Operating Capital and Capital Expenditure Requirements
We received CE Mark regulatory approval of our
Fantom
scaffold on April 3, 2017 and are working to initiate commercial sales in May 2017.
Fantom
is our first commercial product; we have not commercialized any products or generated any revenue since our inception in June 1998. We have incurred substantial losses since our inception and anticipate that we will continue to incur substantial net losses and cash outflows through the remainder of 2017 and into 2018 as we establish commercial operations, continue current and initiate new clinical trials, develop and test new technologies and product opportunities, and expand our corporate infrastructure.

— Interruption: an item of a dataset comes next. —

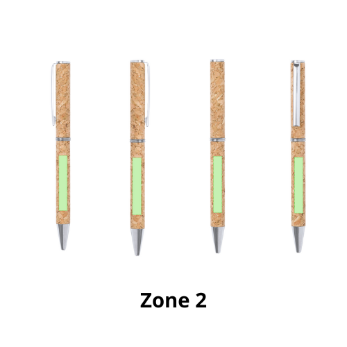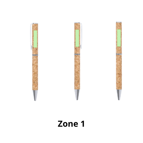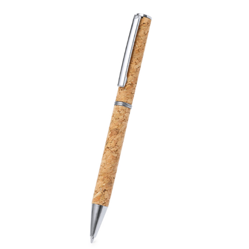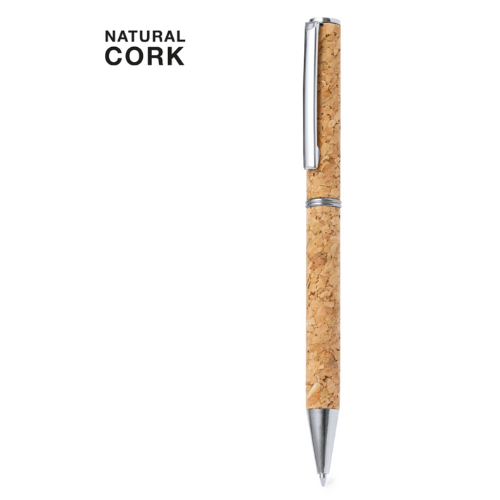 Stylo avec corps en liège naturel. Clip métallique et accessoires chromés. Mécanisme rotatif et encre bleue.

Until we reach a sales volume to generate positive cash flow, we plan to fund our operating and capital needs with our current cash resources and with the proceeds of the financing agreement we entered into on April 22, 2017. Based on our current operating plans and projections, we believe the $21.3 million cash received on May 4, 2017 will be sufficient to fund our operating and capital needs through at least the first quarter of 2018. The remaining committed funds, and uncommitted funds, if approved by shareholders and if received, would further extend this operating timeframe. Also, in either late 2017 or early 2018, we intend to pursue listing of our common stock on NASDAQ, or another exchange approved by our noteholders, and may consider raising additional funds concurrent with that listing in order to conduct a U.S. clinical trial.
Assuming success in receiving shareholder approval and completing the April 22, 2017 financing agreement and in commercializing
Fantom
, we may still need to secure additional capital prior to the time we are able to maintain our operations from our cash inflows. This needed additional capital may not be available on reasonable terms, if at all. Additionally, we may be limited under the terms of our convertible notes as to the type, quantity, timing, or other aspects of a financing, unless the noteholders agree. Any financing, even one to which the noteholders agree, may result in additional dilution to our current securityholders, could have rights senior to those of our common stock, and/or could contain provisions that would restrict our operations. If we are unable to raise additional capital as and when needed, we may be compelled to sell certain assets, including intellectual property assets. Even if we are able to raise additional capital and commercialize our products, we may never become profitable, or if we do attain profitable operations, we may not be able to sustain profitability and cash flows on a recurring basis.
Our ongoing capital requirements will also depend on the extent to which we acquire or invest in businesses, products, and technologies; we currently have no commitments or agreements relating to any of these types of transactions. We believe our current San Diego facility has the capacity to produce the quantities of
Fantom
that will be needed for our initial commercial sales and, therefore, do not have any plans for facility expansion at this time.